The response should contain only the line with "Our bespoke Toulouse" and every line after it to the end of the listing below, duplicated exactly; no picture belongs in it.

**RECORDED DATA:**
=== Begin Enclosure ===
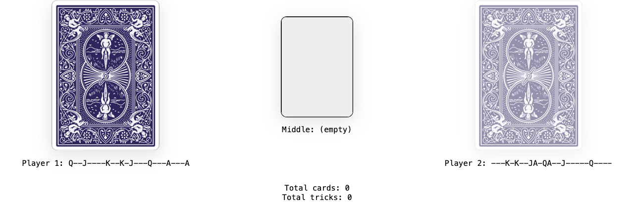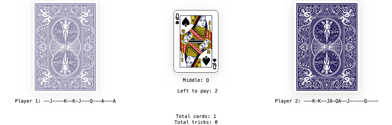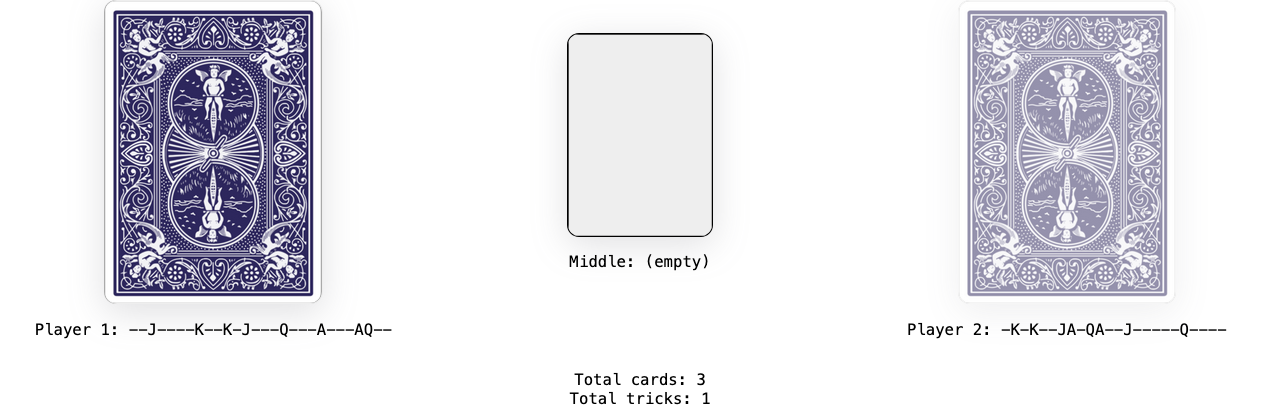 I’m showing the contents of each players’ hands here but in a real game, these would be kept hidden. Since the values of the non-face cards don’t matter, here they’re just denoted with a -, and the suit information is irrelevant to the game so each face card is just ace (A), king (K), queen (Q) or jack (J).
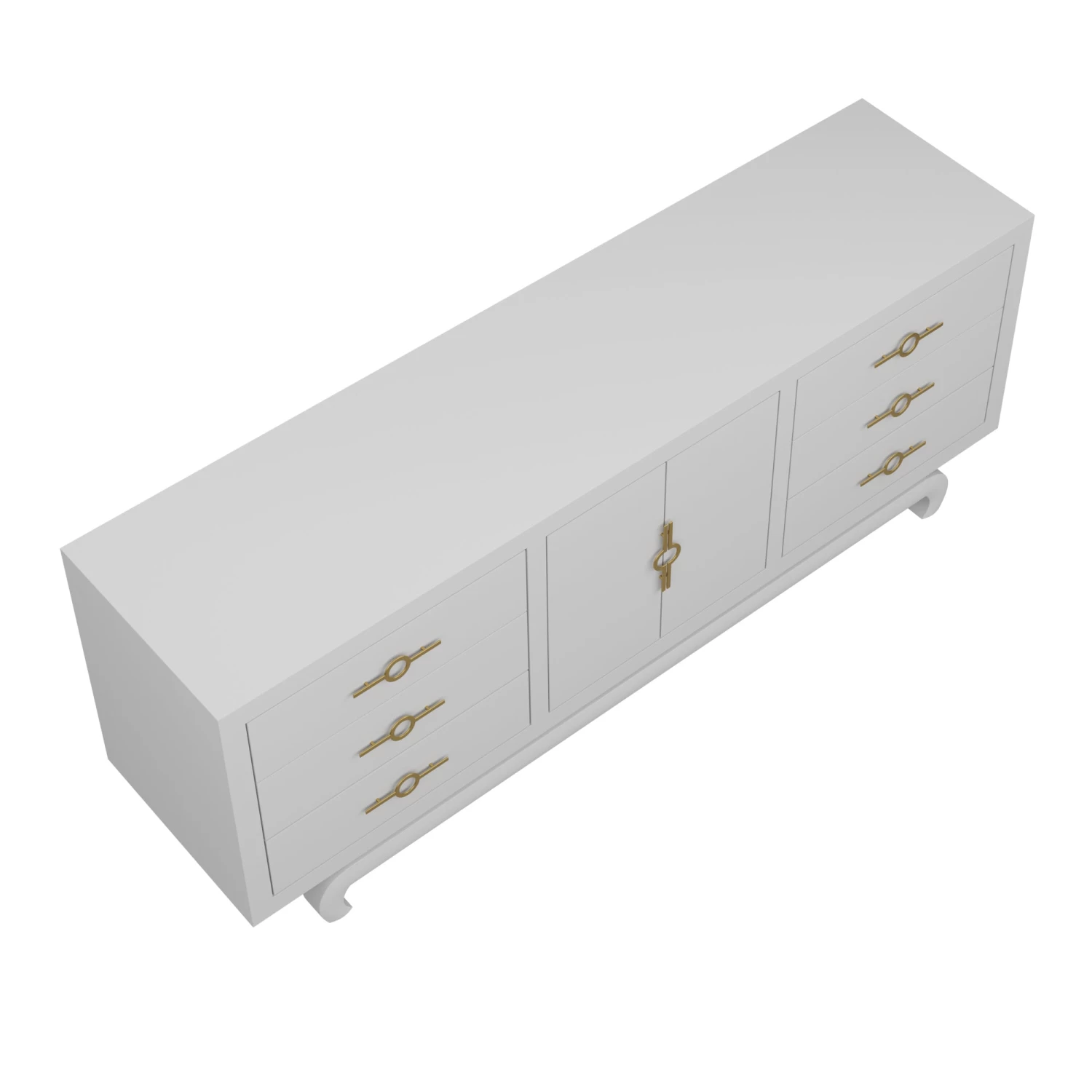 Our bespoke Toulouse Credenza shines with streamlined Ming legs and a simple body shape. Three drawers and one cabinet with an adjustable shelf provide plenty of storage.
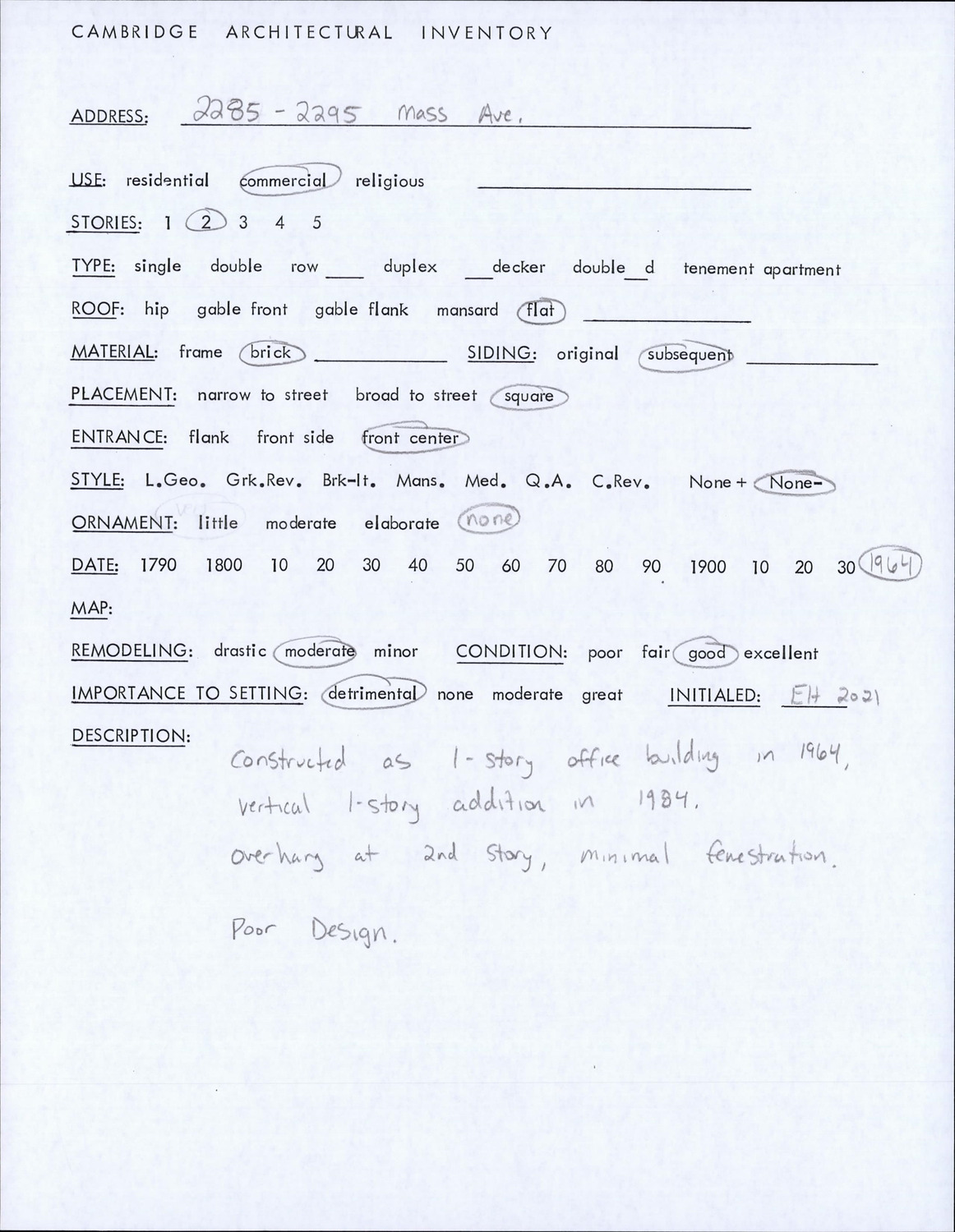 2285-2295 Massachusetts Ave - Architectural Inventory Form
=== End Enclosure ===
**RESPONSE AREA:**
 Our bespoke Toulouse Credenza shines with streamlined Ming legs and a simple body shape. Three drawers and one cabinet with an adjustable shelf provide plenty of storage.
 2285-2295 Massachusetts Ave - Architectural Inventory Form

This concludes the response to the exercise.